Wie die Forschungsgruppe um Timothy Lenton von der Universität Exeter erläutert, widmet sich die Studie der sogenannten Klimanische. Dabei handelt es sich um jene Regionen der Welt, in denen die Menschheit in der Vergangenheit und bis heute bevorzugt gelebt hat. Demnach hat die Bevölkerungsdichte historisch zuerst in Regionen Höchststände erreicht, in denen Durchschnittstemperaturen von etwa 13 Grad Celsius geherrscht haben, später sei ein zweiter Gipfel in Monsungebieten erreicht worden, wo im Schnitt 27 Grad Celsius erreicht wurden. Bei niedrigeren und höheren Temperaturen steige die Sterblichkeit, woraus das Konzept der Klimanische entstanden sei.

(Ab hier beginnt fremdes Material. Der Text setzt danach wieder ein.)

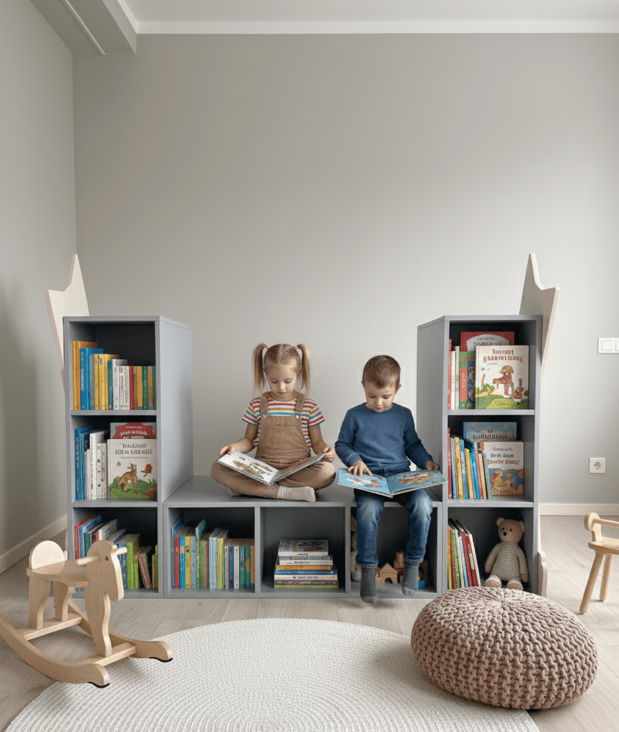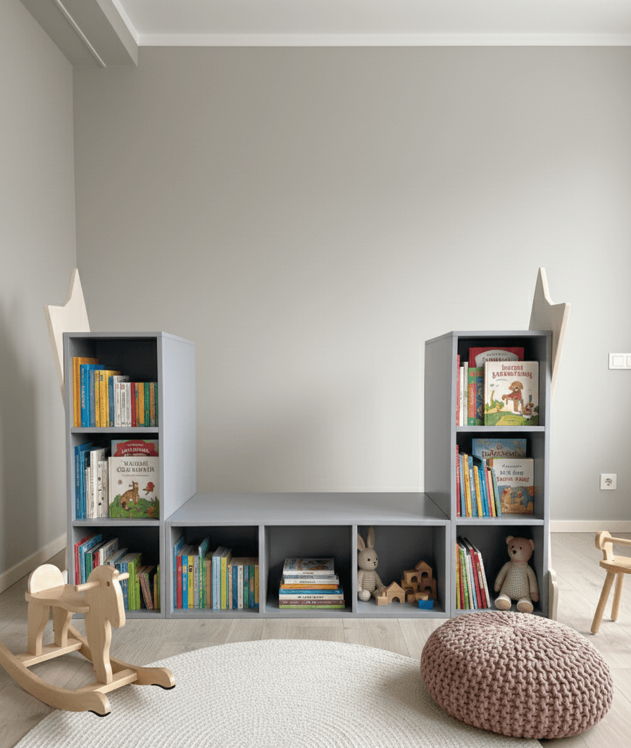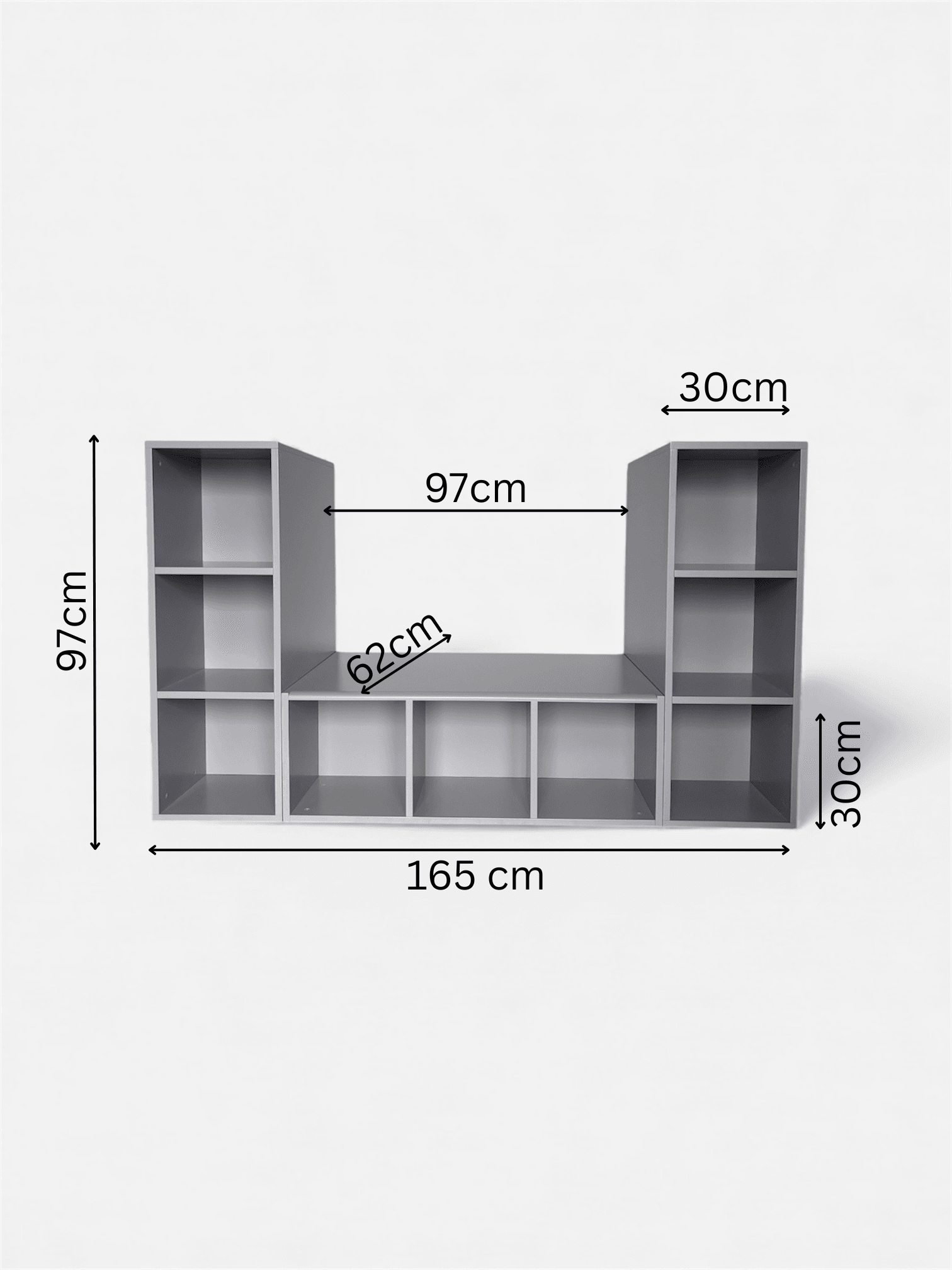 Atraskite universalų ir funkcionalų vaikų lentynos modulį, sukurtą tam, kad jūsų vaiko kambarys būtų ir estetiškas, ir patogus. Šis baldas – puikus pasirinkimas tiek mažoms, tiek didelėms erdvėms, nes lentynos yra iš abiejų pusių, todėl jis idealiai tinka kambario zonavimui, žaidimų erdvių atskyrimui ar funkcionaliam žaislų ir knygų laikymui.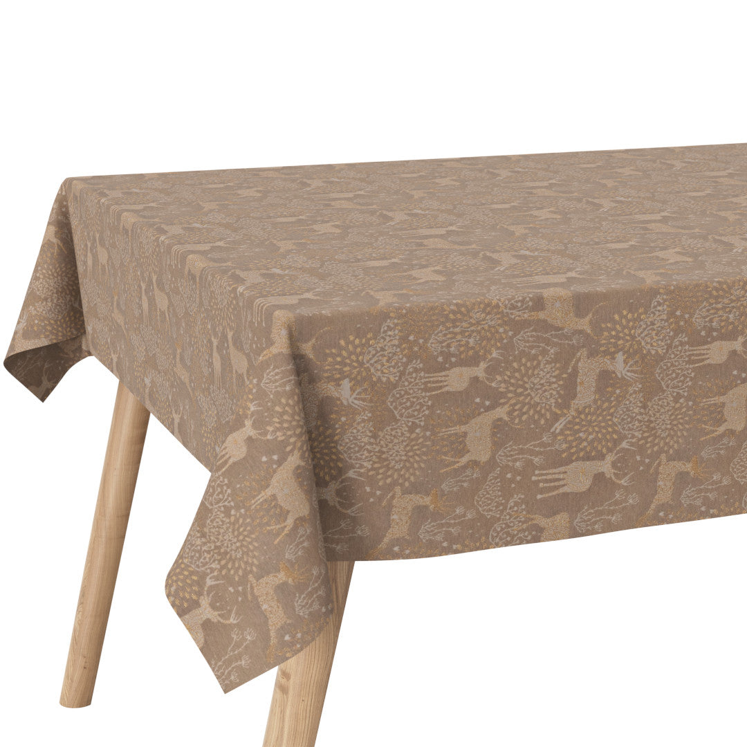Juleduk Golden Reindeers Sand – Akrylduk i sand/gull med reinsdyr og antiskli er i restordre og sendes så snart varen er på lager igjen.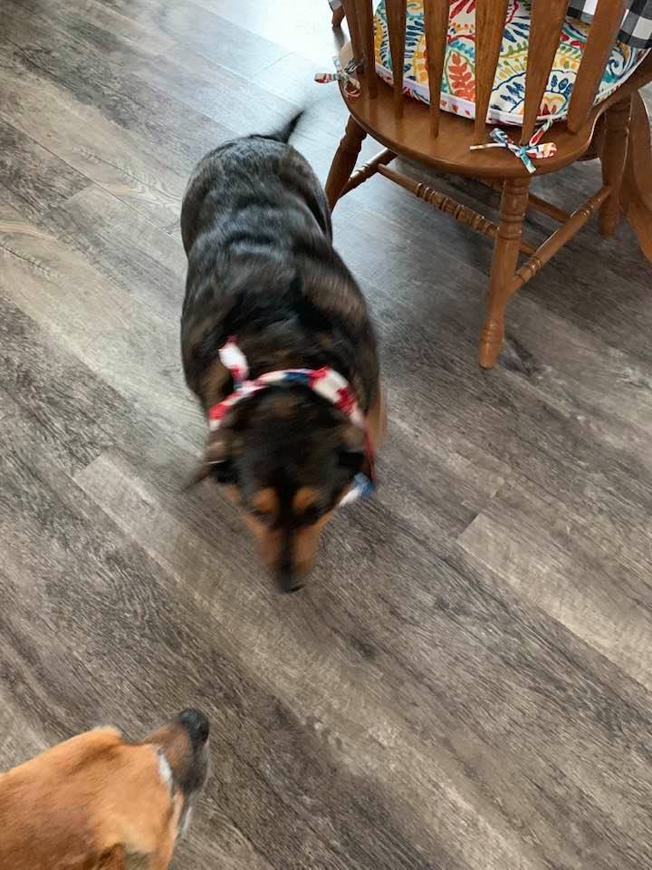 Lucy and Ethel got groomed today and now they have red, white, and blue scarves and look so patriotic.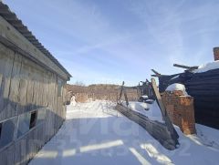 На участке расположены: баня действующая, сруб бревенчатого дома без крыши и верхнего венца сруба (пострадал в пожаре), требует восстановления.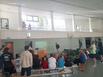 Am vergangenen Freitag stand für die Kinder und Jugendspieler, sowie für die Eltern und Erwachsenenspieler der Abteilung Tischtennis ein wichtiger Termin an: Der neue Sponsor Fabio Grisi stellte sich vor. Gemeinsam mit seiner Frau Kim Wallatis-Grisi führt er eine Filiale für Versicherungs- und Vermögensberatung. In einer kurzen Präsentation stellten die beiden sich, ihre Dienstleistung und ihr zukünftiges Engagement für den Buchenberger Tischtennissport kurz vor:
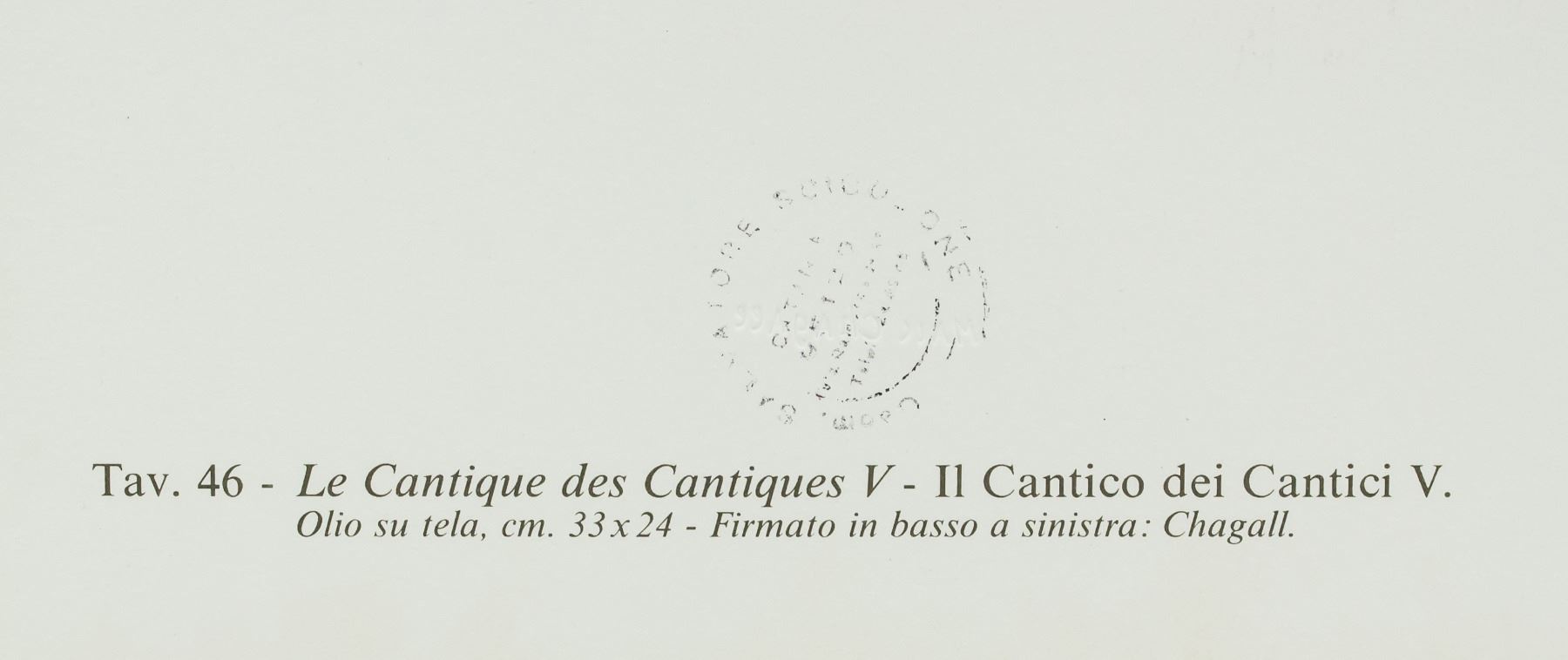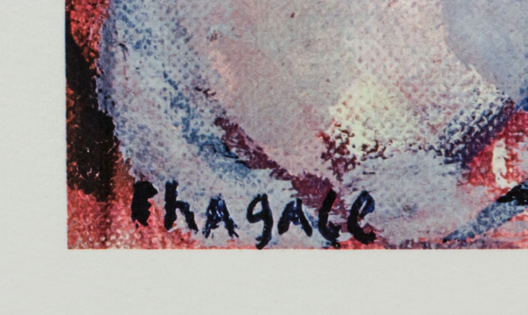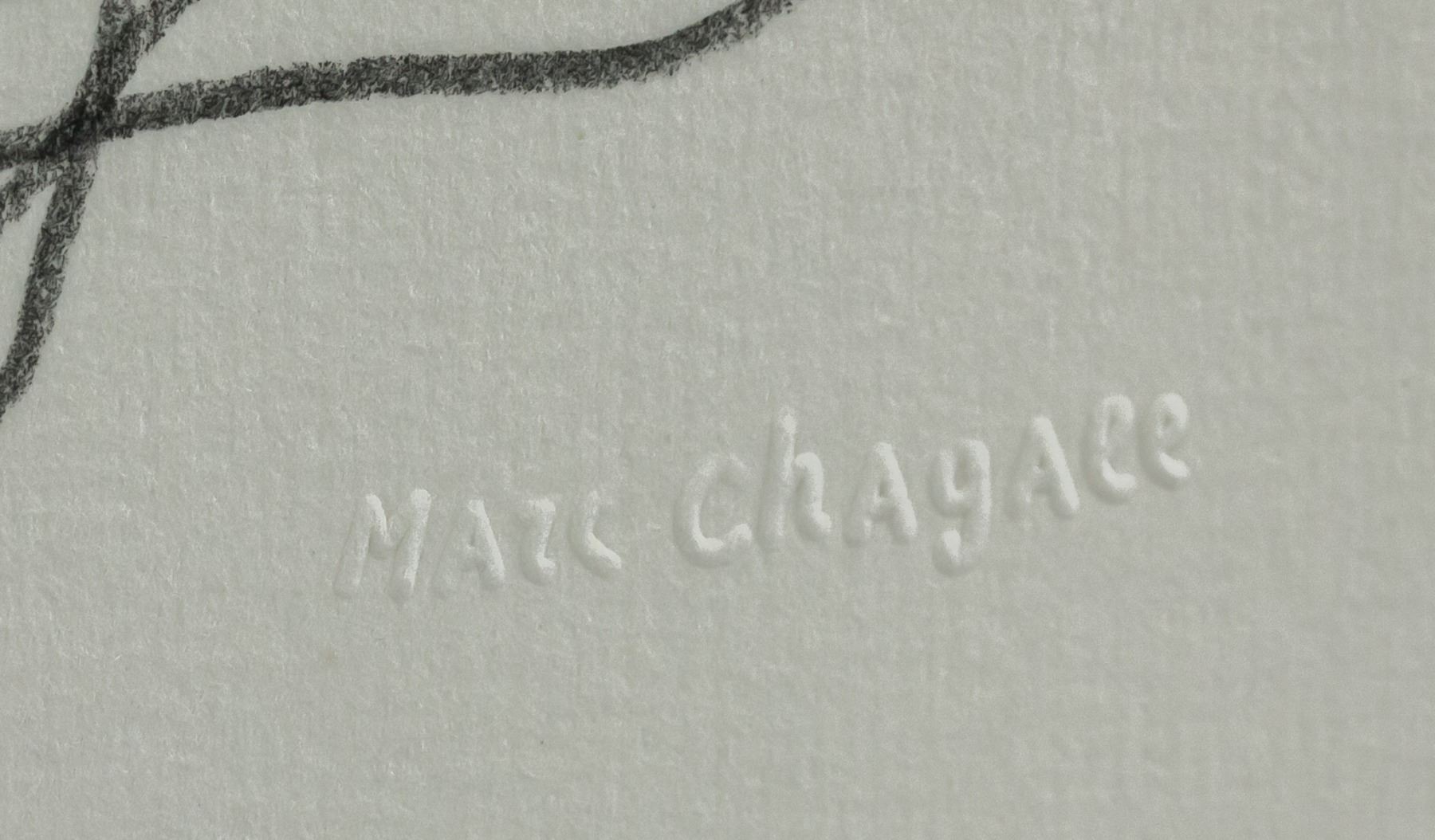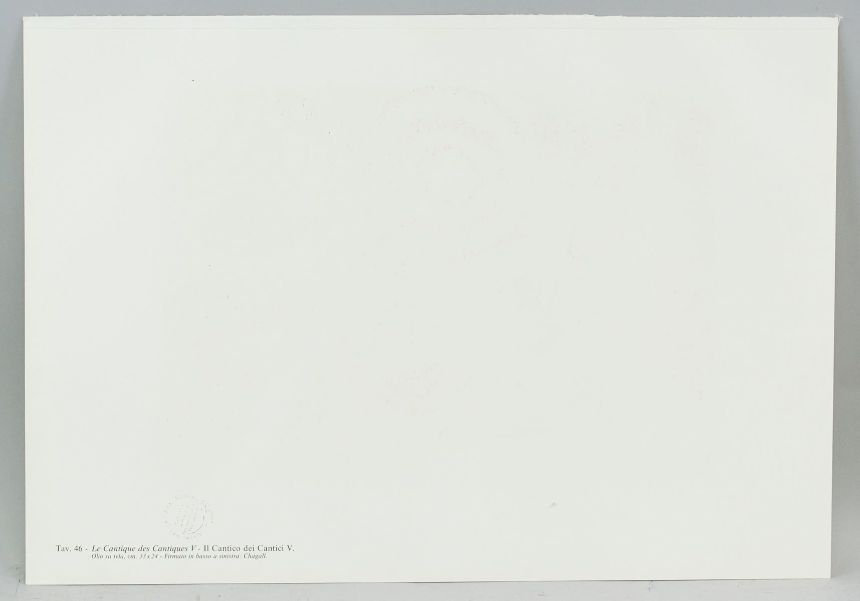Lithograph on paper. Featuring a surrealist composition landscape scene. Signed Marc Chagall in pencil on the lower right corner. Raised embossed inscription, "MArC chAgAll" below signature. On verso, inscribed Tav. 46 - Le Cantique des Cantiques V - Il Cantico dei Cantici V. / Olio su tela, cm. 33 x 24 - Firmato in basso a sinistra: Chagall and stamped above. Attributed to Marc Chagall (1887-1985, Russian-French). 35 x 50 cm (13.75 x 19.5 inches). PROVENANCE: This item has limited provenance from a Southern Ontario estate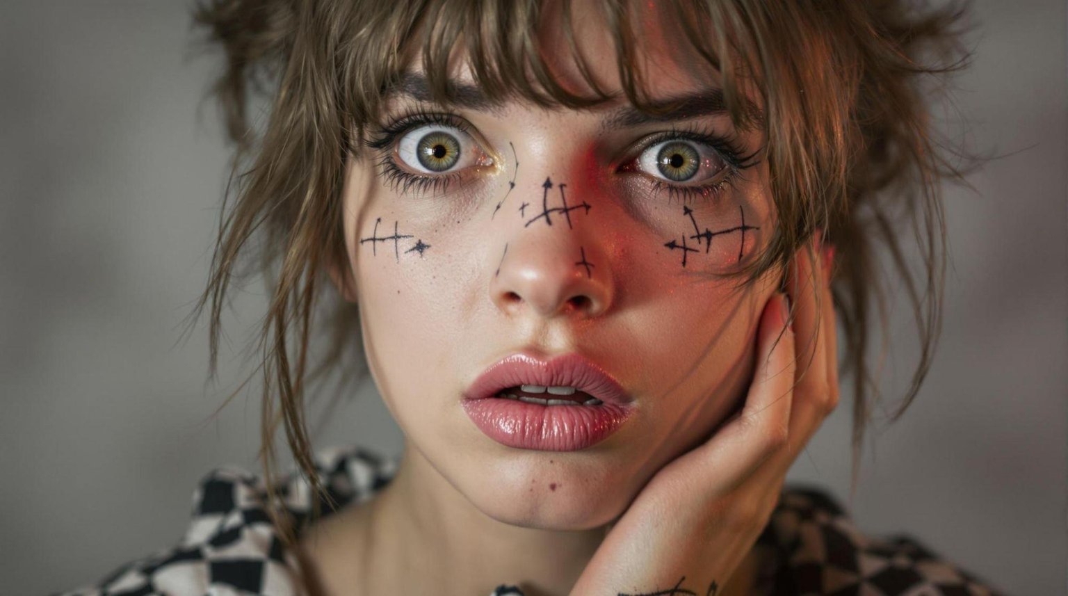 Prompt: A freaky and strange looking girl, colorful hair, a mischievous smile, and a quirky fashion sense

Habe in der Vergangenheit der Großteil der Menschheit in Regionen mit einer mittleren Temperatur von 13 Grad Celsius gelebt, habe sich dieser Wert inzwischen nach oben verschoben. Zum Vergleich, in Deutschland lag die Mitteltemperatur zuletzt bei 10,5 Grad Celsius, 2,7 Grad mehr als zwischen 1881 und 1910. Während aktuell bereits 60 Millionen Menschen in Gegenden mit im Mittel mehr als 29 Grad Celsius leben, steige die Zahl ab einer Erderwärmung um 1,2 Grad Celsius rapide an. Das ist leicht über dem bereits erreichten Wert, in den kommenden Jahren dürfte der übertroffen werden. Außerhalb der "Klimanische" leben demnach aber bereits 600 Millionen Menschen.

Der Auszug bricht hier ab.